-- What is required --
Leaving out all pictures, reproduce the entries below exactly, from the first line through the line that contains "問 パルパーク神林に整備予定の多目的人工芝グラウンドについて、進捗状況を伺う。 答".

-- Provided data --
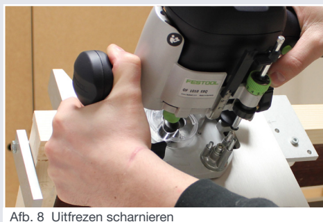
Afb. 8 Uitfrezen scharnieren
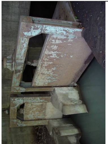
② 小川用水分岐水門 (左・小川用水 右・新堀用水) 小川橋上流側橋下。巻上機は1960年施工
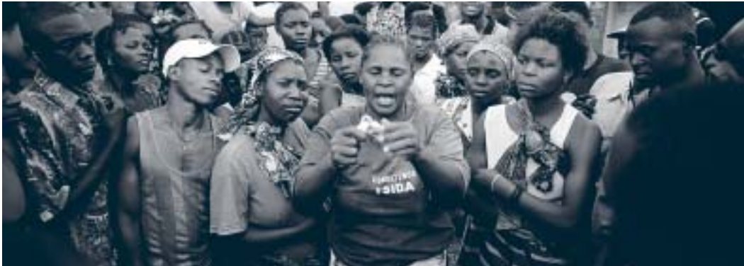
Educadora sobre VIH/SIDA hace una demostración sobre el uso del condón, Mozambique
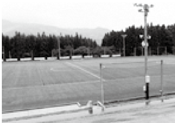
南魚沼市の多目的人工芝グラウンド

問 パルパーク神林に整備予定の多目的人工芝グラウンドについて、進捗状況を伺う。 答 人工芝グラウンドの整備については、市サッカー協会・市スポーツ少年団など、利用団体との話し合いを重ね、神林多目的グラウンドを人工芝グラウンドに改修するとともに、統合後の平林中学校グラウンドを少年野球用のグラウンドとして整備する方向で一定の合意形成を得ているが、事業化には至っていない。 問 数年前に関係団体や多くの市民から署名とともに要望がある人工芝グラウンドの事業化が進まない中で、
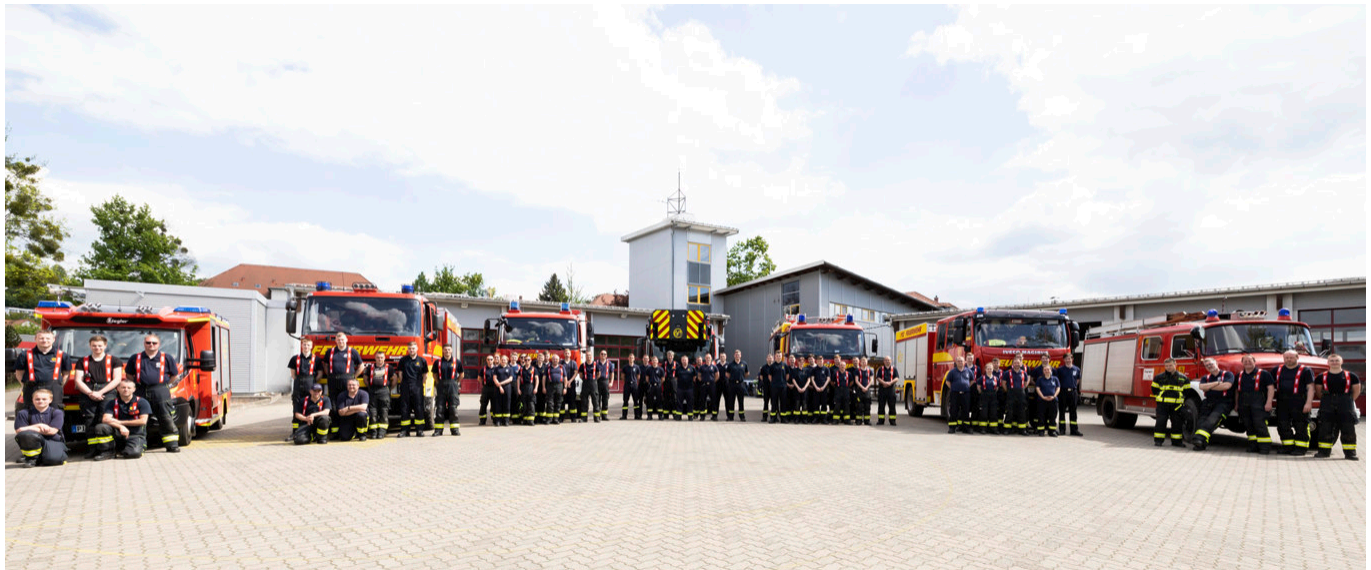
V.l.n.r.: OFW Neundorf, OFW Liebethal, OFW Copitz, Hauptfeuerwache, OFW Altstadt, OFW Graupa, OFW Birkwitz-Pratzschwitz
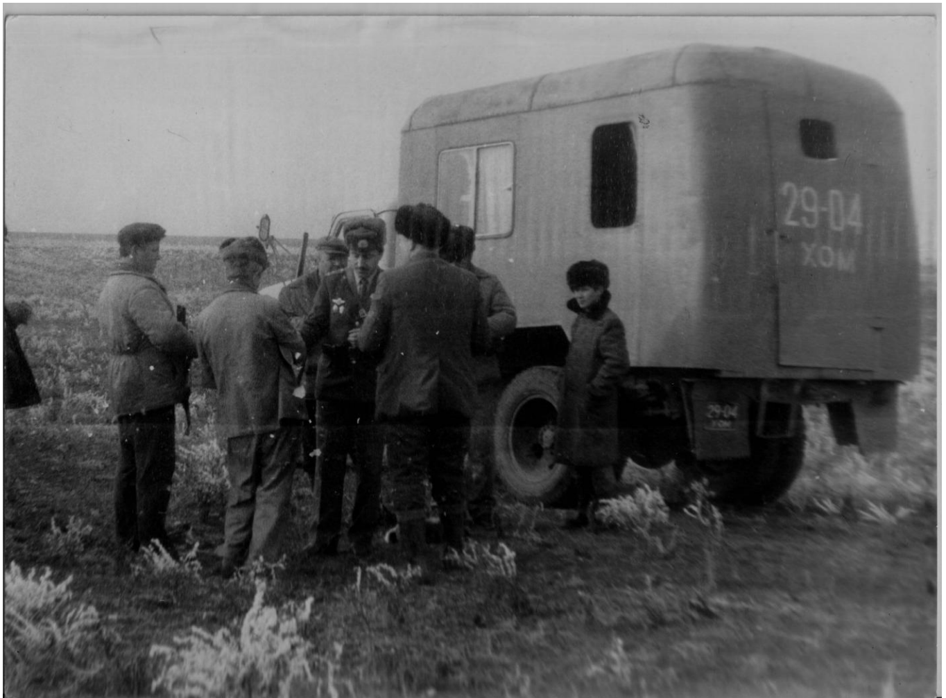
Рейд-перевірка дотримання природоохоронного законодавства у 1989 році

-- Expected answer --
Afb. 8 Uitfrezen scharnieren
② 小川用水分岐水門 (左・小川用水 右・新堀用水) 小川橋上流側橋下。巻上機は1960年施工
Educadora sobre VIH/SIDA hace una demostración sobre el uso del condón, Mozambique
南魚沼市の多目的人工芝グラウンド

問 パルパーク神林に整備予定の多目的人工芝グラウンドについて、進捗状況を伺う。 答 人工芝グラウンドの整備については、市サッカー協会・市スポーツ少年団など、利用団体との話し合いを重ね、神林多目的グラウンドを人工芝グラウンドに改修するとともに、統合後の平林中学校グラウンドを少年野球用のグラウンドとして整備する方向で一定の合意形成を得ているが、事業化には至っていない。 問 数年前に関係団体や多くの市民から署名とともに要望がある人工芝グラウンドの事業化が進まない中で、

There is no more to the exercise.